I've had considerable difficulty in integrating products of trig functions with Maple. It usually expands the trig functions into forms that just are a mess to deal with. So, I usually handle this by splitting an expression into two parts: a constant term that doesn't depend upon the integration variable and a dependent term.

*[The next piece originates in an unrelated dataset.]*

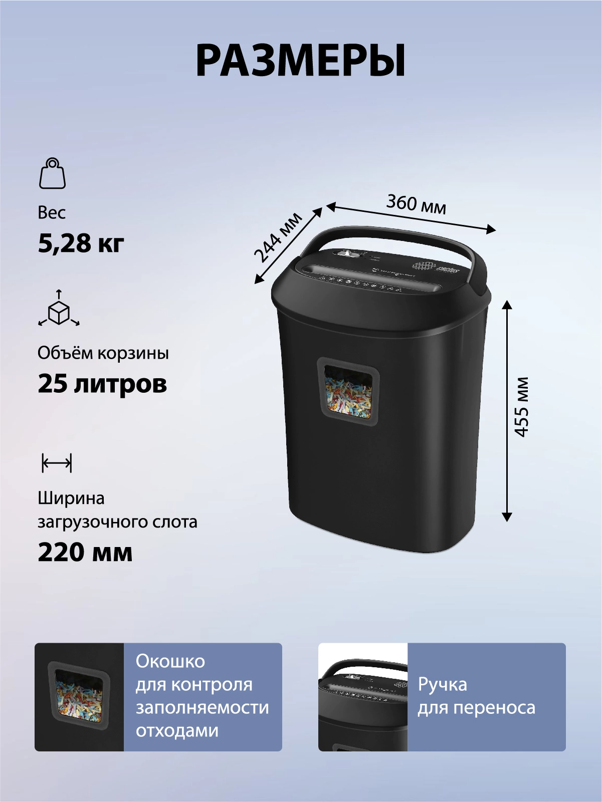 Шредер Cactus CS-SH-P8 черный (секр.P-4) фрагменты 12лист. 25лтр. скрепки скобы пл.карты CD

In the past, I've usually done this by hand but have now created a procedure to do this automatically.
> breakApart := proc(expr,dep_var,const_name)
local dep_term, indep_term, dep_term2, indep_term2, cons_eq;
dep_term, indep_term := selectremove(depends, [op(1..nops(expr),expr)],dep_var);
dep_term2 := mul(dep_term[i],i=1..nops(dep_term));
indep_term2 := mul(indep_term[i],i=1..nops(indep_term));
cons_eq := const_name = indep_term2;
return cons_eq, const_name*dep_term2;
Below is a term to integrate, note that it is actually part of a sum with n being the index variable for the series so it can only be an integer.

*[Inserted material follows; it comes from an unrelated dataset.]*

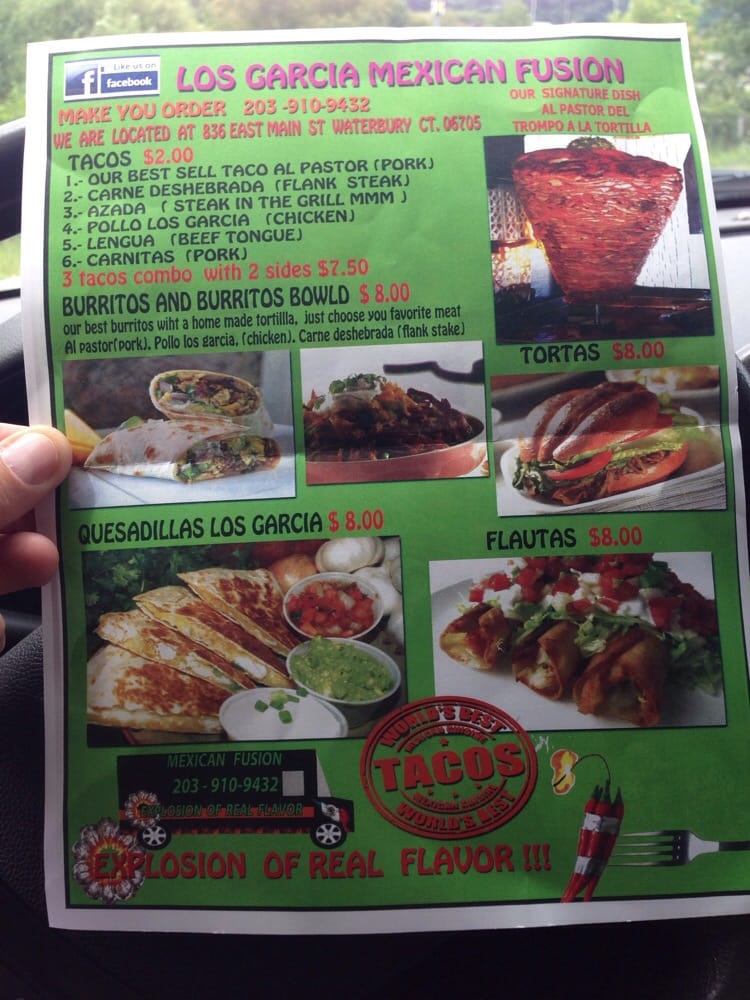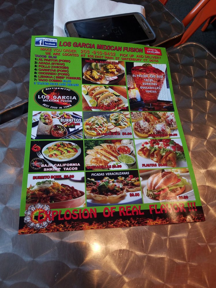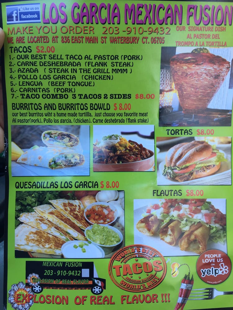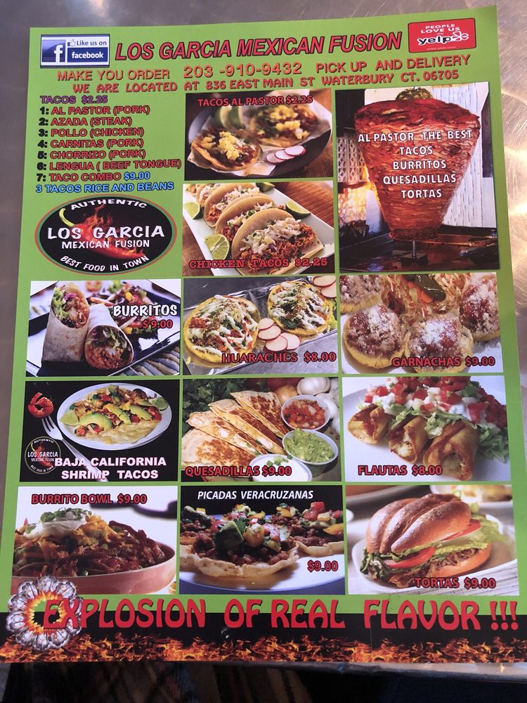 Introducing the menu at Los Garcia Mexican Fusion, located in Waterbury, CT, where Mexican flavors come alive. The menu offers a variety of classic dishes like Arros a La Mexicana, Flautas, Quesadillas, Tacos, and Burritos with options for meat lovers and vegans alike. The ambiance brings a festive Mexican vibe with friendly service and a lively atmosphere. Customers rave about the birria tacos, churros, shrimp tacos, and flautas with cilantro or habanero sauce. Vegetarians will find limited options but can enjoy the flavorful dishes with modifications. The salsa bar adds an extra kick to the fresh and delicious meals. Despite being cash-only, Los Garcia Mexican Fusion is a must-visit for taco lovers looking for authentic Mexican fusion cuisine.

> term :=-(16*y*z*(-1)^n*a^2*sin(((2*n+1)*Pi*y)/a))*sinh(((2*n+1)*Pi*z)/a)/((2*n+1)^3*Pi^3*cosh(1/2*((2*n+1)*Pi*b)/a));
Now we break it apart into a constant (with respect to y) and a new term that includes the constant in preparation for integration with respect to y.
> k1_eq, term2 := breakApart(term,y,k1(z));
Integrating with respect to y,
> inty_result := int(term2,y=-a/2..a/2) assuming n::integer;
An obvious factorization can be made so we will do that before substitution,
> inty_simplify := factor(inty_result);
Resubstituting the other terms back in,
> inty_subs := subs(k1_eq,inty_simplify);
Note that since we have -1 raised to the n squared, it will always be 1.

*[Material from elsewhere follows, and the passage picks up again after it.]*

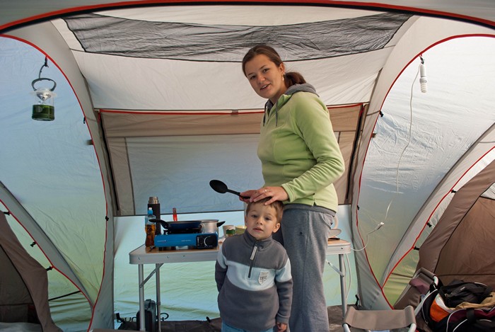 В палатке высыпались прекрасно. Главная проблема — это раскиданные повсюду вещи и их дальнейший сбор перед отправлением.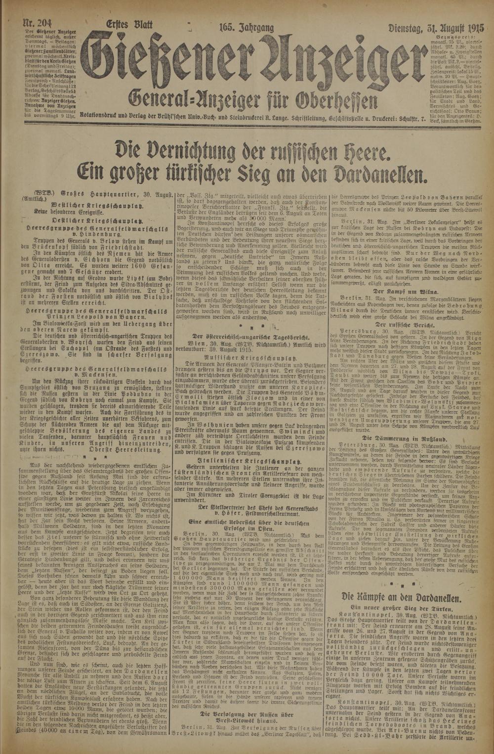 204 (31.8.1915) Erstes Blatt

> inty_final := subs(((-1)^n)^2=1, inty_subs);
Now breaking it apart in preparation for integrating with respect to z,
> k2_eq, term3 := breakApart(inty_final,z,k2);
> int_z := int(term3,z=-b/2..b/2) assuming n::integer;
Since we know that we have a hyperbolic cosine in the denominator of our constant, let's split up the expression based upon cosh to simplify the remaining work,
> intz_collect := collect(int_z,cosh);
Note that we can factor the cosh term to eliminate one of the (2n+1) terms in the denominator so performing that,
> intz_factor := factor(op(1, intz_collect)) + op(2,intz_collect);
Now resubstituting the constant back in,
> intz_subs1 := subs(k2_eq, intz_factor);
Note that the second term really contains an expression for tanh. Since I haven't found a reliable way for Maple to automatically simplify this we can do it ourselves,
> intz_subs2 := algsubs(sinh(1/2*(2*n+1)*Pi*b/a)/cosh(1/2*(2*n+1)*Pi*b/a)=tanh(1/2*(2*n+1)*Pi*b/a), intz_subs1);
Re-splitting the terms,
> intz_collect := collect(intz_subs2,tanh);
and then factoring to simplify, we get the final result. While this takes many more steps and manual work than letting Maple integrate, we get nice compact results.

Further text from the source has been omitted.